[Dataset items]
::::

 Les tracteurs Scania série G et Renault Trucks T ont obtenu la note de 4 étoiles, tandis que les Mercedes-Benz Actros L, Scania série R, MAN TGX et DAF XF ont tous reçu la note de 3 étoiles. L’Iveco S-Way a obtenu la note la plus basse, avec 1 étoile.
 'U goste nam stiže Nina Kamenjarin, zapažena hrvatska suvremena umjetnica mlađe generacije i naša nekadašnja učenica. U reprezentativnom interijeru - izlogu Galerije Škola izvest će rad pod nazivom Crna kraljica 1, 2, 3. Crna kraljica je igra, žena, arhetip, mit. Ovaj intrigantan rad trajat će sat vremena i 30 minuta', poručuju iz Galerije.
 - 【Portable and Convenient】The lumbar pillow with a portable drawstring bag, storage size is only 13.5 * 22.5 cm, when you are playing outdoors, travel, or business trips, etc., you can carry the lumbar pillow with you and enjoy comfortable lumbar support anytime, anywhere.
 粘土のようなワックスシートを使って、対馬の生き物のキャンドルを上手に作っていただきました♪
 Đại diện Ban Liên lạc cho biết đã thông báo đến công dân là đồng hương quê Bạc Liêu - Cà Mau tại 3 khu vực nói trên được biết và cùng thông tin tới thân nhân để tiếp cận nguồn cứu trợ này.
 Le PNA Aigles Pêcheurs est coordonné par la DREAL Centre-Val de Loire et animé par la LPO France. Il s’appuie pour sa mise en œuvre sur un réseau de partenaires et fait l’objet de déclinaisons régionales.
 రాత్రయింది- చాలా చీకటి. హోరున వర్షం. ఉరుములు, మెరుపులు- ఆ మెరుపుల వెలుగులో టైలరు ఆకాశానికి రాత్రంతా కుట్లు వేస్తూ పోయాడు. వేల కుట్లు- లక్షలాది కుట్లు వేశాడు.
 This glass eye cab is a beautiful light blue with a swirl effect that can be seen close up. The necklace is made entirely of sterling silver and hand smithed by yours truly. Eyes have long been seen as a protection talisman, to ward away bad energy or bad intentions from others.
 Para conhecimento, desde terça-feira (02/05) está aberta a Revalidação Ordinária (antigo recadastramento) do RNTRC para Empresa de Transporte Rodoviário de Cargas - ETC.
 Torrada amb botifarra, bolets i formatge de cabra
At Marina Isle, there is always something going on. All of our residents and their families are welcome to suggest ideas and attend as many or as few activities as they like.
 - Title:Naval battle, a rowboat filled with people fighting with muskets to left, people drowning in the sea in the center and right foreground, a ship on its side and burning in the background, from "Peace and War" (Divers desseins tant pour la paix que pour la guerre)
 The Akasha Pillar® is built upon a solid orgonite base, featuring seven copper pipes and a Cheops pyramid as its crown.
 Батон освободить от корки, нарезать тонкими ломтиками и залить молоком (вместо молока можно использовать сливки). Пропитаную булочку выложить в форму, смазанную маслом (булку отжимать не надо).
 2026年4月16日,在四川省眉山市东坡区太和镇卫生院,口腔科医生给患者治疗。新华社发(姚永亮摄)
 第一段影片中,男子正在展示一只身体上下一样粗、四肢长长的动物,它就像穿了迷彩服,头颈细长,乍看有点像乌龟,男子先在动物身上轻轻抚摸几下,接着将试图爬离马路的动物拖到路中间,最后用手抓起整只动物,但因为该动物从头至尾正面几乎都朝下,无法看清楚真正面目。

::::

- Task details: An exact copy of the lines from the one containing "At Marina Isle, there" through the end of the entries is required, and nothing beyond them.

- Written answer:
At Marina Isle, there is always something going on. All of our residents and their families are welcome to suggest ideas and attend as many or as few activities as they like.
 - Title:Naval battle, a rowboat filled with people fighting with muskets to left, people drowning in the sea in the center and right foreground, a ship on its side and burning in the background, from "Peace and War" (Divers desseins tant pour la paix que pour la guerre)
 The Akasha Pillar® is built upon a solid orgonite base, featuring seven copper pipes and a Cheops pyramid as its crown.
 Батон освободить от корки, нарезать тонкими ломтиками и залить молоком (вместо молока можно использовать сливки). Пропитаную булочку выложить в форму, смазанную маслом (булку отжимать не надо).
 2026年4月16日,在四川省眉山市东坡区太和镇卫生院,口腔科医生给患者治疗。新华社发(姚永亮摄)
 第一段影片中,男子正在展示一只身体上下一样粗、四肢长长的动物,它就像穿了迷彩服,头颈细长,乍看有点像乌龟,男子先在动物身上轻轻抚摸几下,接着将试图爬离马路的动物拖到路中间,最后用手抓起整只动物,但因为该动物从头至尾正面几乎都朝下,无法看清楚真正面目。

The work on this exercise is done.